If the sales contract is based on the general delivery conditions of the seller, restrictions on the right to subsequent performance must be expected. This is possible, but there is much controversy in this area. Clarity will only be able to be created by the case law in the course of time.

For example, according to Sections 307, 309 No. 8 b, cc BGB, the obligation of the supplier to bear the necessary expenses cannot be excluded in the case of contracts for the delivery of newly manufactured items through general terms and conditions. The supplier cannot make supplementary performance dependent on the previous payment of the full remuneration or - taking into account the defect - a disproportionately high portion of the remuneration.

According to § 444 BGB, the rights of the buyer due to a defect can neither be excluded nor restricted in an agreement if the defect was fraudulently concealed by the seller or if the seller had assumed a guarantee for the quality of the purchased item.

Conversely, in the General Terms and Conditions of Purchase, it is possible to allow the seller only one attempt at improvement instead of two.

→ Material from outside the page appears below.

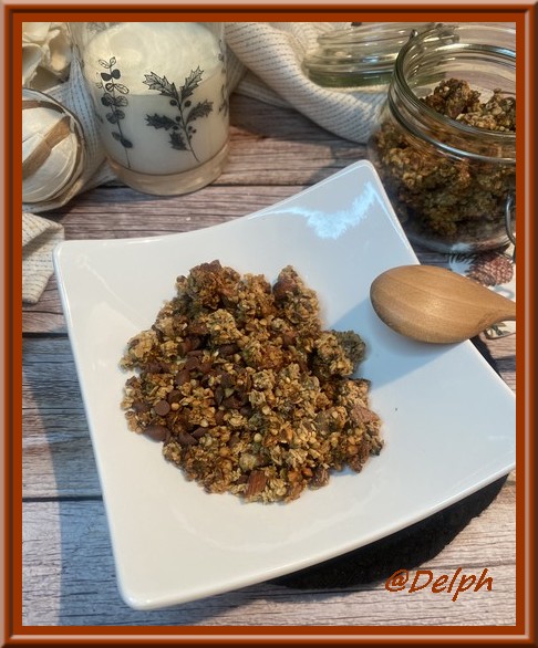 J’aime beaucoup diversifier mes petits déjeuners, et avec les granolas ont peut se faire plaisir car on peut les décliner en différentes versions. Ici, avec le sarrasin cela donne beaucoup de caractère et avec les graines cela croustille sous la dent c’est très agréable.

But this is not recommended.First, the legal admissibility of this approach has not yet been confirmed by the courts; secondly, in practice, the seller will predominantly be given at least one second attempt at improvement.

Clause for practice

If you summarize the statements, the following clause can be recommended for practice:

"Defects in the delivery / service complained about during the warranty period, which also include the non-achievement of guaranteed data and the lack of guaranteed properties, you have upon request immediately and free of charge, including all ancillary costs, at our option by repairing or replacing the defective parts or new delivery to eliminate.

In particular, you bear all expenses incurred in connection with the detection and elimination of defects, even if they are incurred by us, in particular inspection costs, dismantling and installation costs, labor and material costs, as well as the transport and other costs for sending defective parts and returning non-defective parts . This also applies if the expenses increase due to the fact that the delivery item has been moved to a location other than the place of performance.

After the second unsuccessful expiry of a reasonable deadline set by us for subsequent improvement or new delivery, we are also entitled to the statutory rights of withdrawal and reduction. We reserve the right to assert claims for damages in all cases. "

The author: RA Prof. Dr. Karlheinz Schmid

The article was published in the current issue of June 2004, page 38ff.